Alright...so we've gone over the 5 oldest. Now, for the next 4. You might expect that I have more of a relationship with them, and for the most part you'd be correct.
My sister, M, is next. She turned 50 earlier this year. Growing up, she was my absolute favorite sibling and I would do anything to spend time with her. Over the years, though, her life has taken twists and turns that I don't necessarily agree with and our relationship has been somewhat strained at times. But, she's my sister and I love her. She lives here in Concord and adores Liam and Ella, but doesn't get to see them as often as she'd like. Of all of us, she's the most "alternative," I guess you could say. M is Cait's mother, so there's been a little bit of tension at times since Cait and I are so close (after all, she lived with us for 5 years), but we've learned to negotiate those waters.
My sister, K, is next. She and I have the same father. We don't really have a close relationship, though, and that makes me sad. Growing up, I think she was jealous of me because her childhood was more difficult than mine. When my parents got together, Mom showed my father a new world of love and warmth that he hadn't really known before (his parents were pretty strict and his first marriage, which is where my other 5 siblings come from, ended badly). Because of this, I think he was able to be more affectionate with me (even though I was scared of him) and K saw this and was envious. Also, K and my sister, N, are only separated by not quite 3 months, so there was a LOT of sibling rivalry between them when I was little. It was stressful. To this day, there's some underlying tension between the two of them that I don't really get. However, K and N's daughters adore each other, so the adults have been forced to work around/through their issues for the sake of the girls. I really, really wish that K and I were closer. Aside from the fact that she's really the only link to our father that I have, I love her children very much and would love to be more a part of their lives. Basically, though, we're pretty much polar opposites. As warm and gregarious as I am, K is buttoned up and kind of a cold fish. I think that we're both just kind of alien to the other and, as much as I reach out to her, she just doesn't know how to handle it. K is an awesome cook and baker and she also loves, love, loves her pets.
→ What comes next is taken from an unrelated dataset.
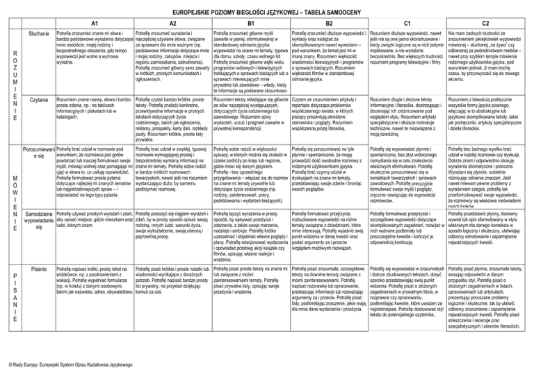 EUROPEJSKIE POZIOMY BIEGŁOŚCI JĘZYKOWEJ – TABELA SAMOOCENY R O Z U M I E N I E M Ó W I E N I E P I S A N I E A1 A2 B1 B2 C1 C2 Słuchanie Potrafię zrozumieć znane mi słowa i bardzo podstawowe wyrażenia dotyczące mnie osobiście, mojej rodziny i bezpośredniego otoczenia, gdy tempo wypowiedzi jest wolne a wymowa wyraźna. Potrafię zrozumieć wyrażenia i najczęściej używane słowa, związane ze sprawami dla mnie ważnymi (np. podstawowe informacje dotyczące mnie i mojej rodziny, zakupów, miejsca i regionu zamieszkania, zatrudnienia). Potrafię zrozumieć główny sens zawarty w krótkich, prostych komunikatach i ogłoszeniach. Potrafię zrozumieć główne myśli zawarte w jasnej, sformułowanej w standardowej odmianie języka wypowiedzi na znane mi tematy, typowe dla domu, szkoły, czasu wolnego itd. Potrafię zrozumieć główne wątki wielu programów radiowych i telewizyjnych traktujących o sprawach bieżących lub o sprawach interesujących mnie prywatnie lub zawodowo – wtedy, kiedy te informacje są podawane stosunkowo Potrafię zrozumieć dłuższe wypowiedzi i wykłady oraz nadążać za skomplikowanymi nawet wywodami – pod warunkiem, że temat jest mi w miarę znany. Rozumiem większość wiadomości telewizyjnych i programów o sprawach bieżących. Rozumiem większość filmów w standardowej odmianie języka. Rozumiem dłuższe wypowiedzi, nawet jeśli nie są one jasno skonstruowane i kiedy związki logiczne są w nich jedynie implikowane, a nie wyrażone bezpośrednio. Bez większych trudności rozumiem programy telewizyjne i filmy. Nie mam żadnych trudności ze zrozumieniem jakiejkolwiek wypowiedzi mówionej – słuchanej „na żywo” czy odbieranej za pośrednictwem mediów – nawet przy szybkim tempie mówienia rodzimego użytkownika języka, pod warunkiem jednak, iż mam trochę czasu, by przyzwyczaić się do nowego akcentu. Czytanie Rozumiem znane nazwy, słowa i bardzo proste zdania, np.: na tablicach informacyjnych i plakatach lub w katalogach. Potrafię czytać bardzo krótkie, proste teksty. Potrafię znaleźć konkretne, przewidywalne informacje w prostych tekstach dotyczących życia codziennego, takich jak ogłoszenia, reklamy, prospekty, karty dań, rozkłady jazdy. Rozumiem krótkie, proste listy prywatne. Rozumiem teksty składające się głównie ze słów najczęściej występujących, dotyczących życia codziennego lub zawodowego. Rozumiem opisy wydarzeń, uczuć i pragnień zawarte w prywatnej korespondencji. Czytam ze zrozumieniem artykuły i reportaże dotyczące problemów współczesnego świata, w których piszący prezentują określone stanowiska i poglądy. Rozumiem współczesną prozę literacką. Rozumiem długie i złożone teksty informacyjne i literackie, dostrzegając i doceniając ich zróżnicowanie pod względem stylu. Rozumiem artykuły specjalistyczne i dłuższe instrukcje techniczne, nawet te niezwiązane z moją dziedziną. Rozumiem z łatwością praktycznie wszystkie formy języka pisanego, włączając w to abstrakcyjne lub językowo skomplikowane teksty, takie jak podręczniki, artykuły specjalistyczne i dzieła literackie. Porozumiewani Potrafię brać udział w rozmowie pod warunkiem, że rozmówca jest gotów e się Potrafię brać udział w zwykłej, typowej rozmowie wymagającej prostej i powtarzać lub inaczej formułować swoje bezpośredniej wymiany informacji na myśli, mówiąc wolniej oraz pomagając mi znane mi tematy. Potrafię sobie radzić ująć w słowa to, co usiłuję opowiedzieć. w bardzo krótkich rozmowach towarzyskich, nawet jeśli nie rozumiem Potrafię formułować proste pytania dotyczące najlepiej mi znanych tematów wystarczająco dużo, by samemu podtrzymać rozmowę. lub najpotrzebniejszych spraw – i odpowiadać na tego typu pytania. Potrafię sobie radzić w większości sytuacji, w których można się znaleźć w czasie podróży po kraju lub regionie, gdzie mówi się danym językiem. Potrafię - bez uprzedniego przygotowania – włączać się do rozmów na znane mi tematy prywatne lub dotyczące życia codziennego (np. rodziny, zainteresowań, pracy, podróżowania i wydarzeń bieżących). Potrafię się porozumiewać na tyle płynnie i spontanicznie, że mogę prowadzić dość swobodne rozmowy z rodzimymi użytkownikami języka. Potrafię brać czynny udział w dyskusjach na znane mi tematy, przedstawiając swoje zdanie i broniąc swoich poglądów. Potrafię się wypowiadać płynnie i spontanicznie, bez zbyt widocznego namyślania się w celu znalezienia właściwych sformułowań. Potrafię skutecznie porozumiewać się w kontaktach towarzyskich i sprawach zawodowych. Potrafię precyzyjnie formułować swoje myśli i poglądy, zręcznie nawiązując do wypowiedzi rozmówców. Samodzielne Potrafię używać prostych wyrażeń i zdań, Potrafię posłużyć się ciągiem wyrażeń i wypowiadanie aby opisać miejsce, gdzie mieszkam oraz zdań, by w prosty sposób opisać swoją rodzinę, innych ludzi, warunki życia, ludzi, których znam. się Potrafię łączyć wyrażenia w prosty sposób, by opisywać przeżycia i zdarzenia, a także swoje marzenia, nadzieje i ambicje. Potrafię krótko uzasadniać i objaśniać własne poglądy i plany. Potrafię relacjonować wydarzenia i opowiadać przebieg akcji książek czy filmów, opisując własne reakcje i wrażenia. Potrafię formułować przejrzyste, rozbudowane wypowiedzi na różne tematy związane z dziedzinami, które mnie interesują. Potrafię wyjaśnić swój punkt widzenia w danej kwestii oraz podać argumenty za i przeciw względem możliwych rozwiązań. Potrafię pisać proste teksty na znane mi lub związane z moimi zainteresowaniami tematy. Potrafię pisać prywatne listy, opisując swoje przeżycia i wrażenia. Potrafię pisać zrozumiałe, szczegółowe teksty na dowolne tematy związane z moimi zainteresowaniami. Potrafię napisać rozprawkę lub opracowanie, przekazując informacje lub rozwa

N's next. N and K are both not quite 10 years older than I. Growing up, N was my second favorite sibling. She was the cool older sister who didn't mind the kid sister tagging along. One of my fondest memories of N is when she was a cheerleader in high school and I was in awe of her. She taught me the dance routine to the half-time number, which was Beat It. We spent hours in the driveway practicing and I was so excited to see her perform the routine at P's football game. N's husband is the one who committed suicide last year. N has two children and a step-daughter. I love N very much, but she's one of those people who can be nasty mean, but in a way that makes you feel sorry for her because she can just be so unrelenting. I thought she may have mellowed with Mark's death, but sometimes I don't know. We're not overly close these days, although we do live pretty much right around the corner from each other. I'll always be there for her, though, so I suppose that's more a measure of our relationship than anything else.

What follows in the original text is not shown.